The recent surge in UK gilt yields, driven by increased Government borrowing costs, has introduced fresh volatility into financial markets, raising concerns for pension schemes across the country. Yields on 10-year Government bonds have climbed to their highest level since 2008, while 30-year bonds are at their highest point since 1998. This sharp rise means borrowing costs for the Government have significantly increased, with potential knock-on effects for pension scheme funding and risk management.
David Brooks, head of policy at independent consultancy Broadstone, said the bond market sell-off has led to “fresh volatility” but noted that improvements in the management of liability-driven investment (LDI) strategies since the 2022 yield crisis have bolstered the sector’s resilience. He commented: “The recent bond market sell-off, driven by news of record UK Government borrowing costs, has seen gilt yields surge and introduced fresh volatility into UK markets.”
Brooks added that LDI funds have been actively managing their cash positions in response to shifting investor sentiment and market fluctuations. However, he pointed out that systemic risks appear to be under control. “Improvements to collateral management and waterfall structures since the 2022 yield crisis have significantly strengthened market resilience and ensured schemes are better prepared to handle fluctuations,” he said.
Despite the increased market volatility, the current high-yield environment offers potential opportunities for pension schemes to reassess and de-risk. Brooks advised trustees and sponsors to remain vigilant: “Trustees and sponsors should continue to focus on monitoring hedging levels, maintaining adequate collateral buffers, and rebalancing portfolios where appropriate. The higher-yield environment also creates opportunities to review de-risking strategies, particularly for schemes that have benefited from improved funding positions.”

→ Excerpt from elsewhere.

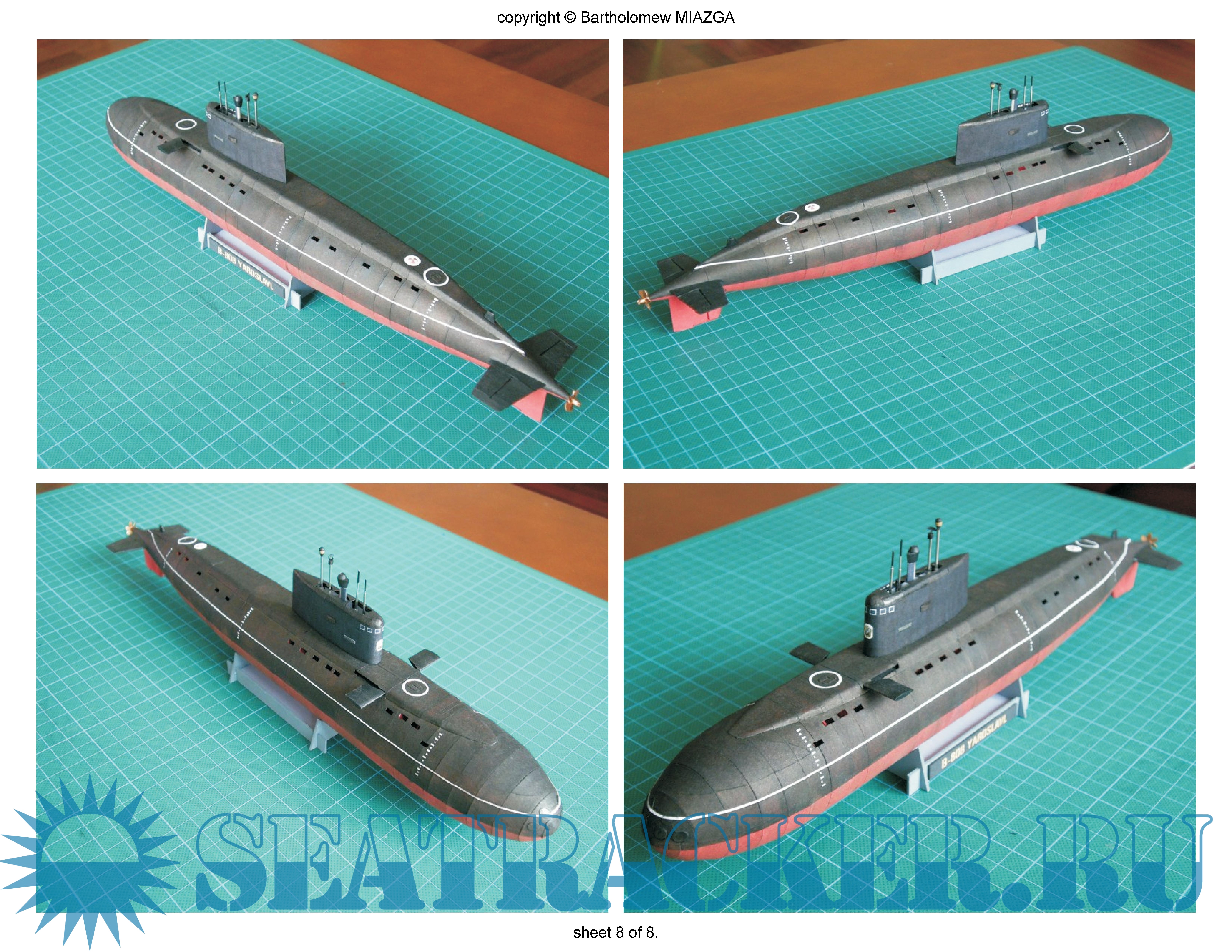 Описание: 22 листа цветных выкроек и инструкций для создания бумажной модели дизель-электрической подводной лодки "ЯРОСЛАВЛЬ" Б-808 проект 877 Варшавянка в масштабе 1:200

In addition to monitoring hedging and collateral, Brooks highlighted the need for trustees to consider reviewing commutation factors to ensure fair value for members and to reassess covenant positions if sponsor borrowing costs have risen significantly.
The surge in gilt yields has coincided with a decline in the pound, which has dropped from $1.25 to $1.23 against the dollar over the past few days, further reflecting the uncertain economic environment.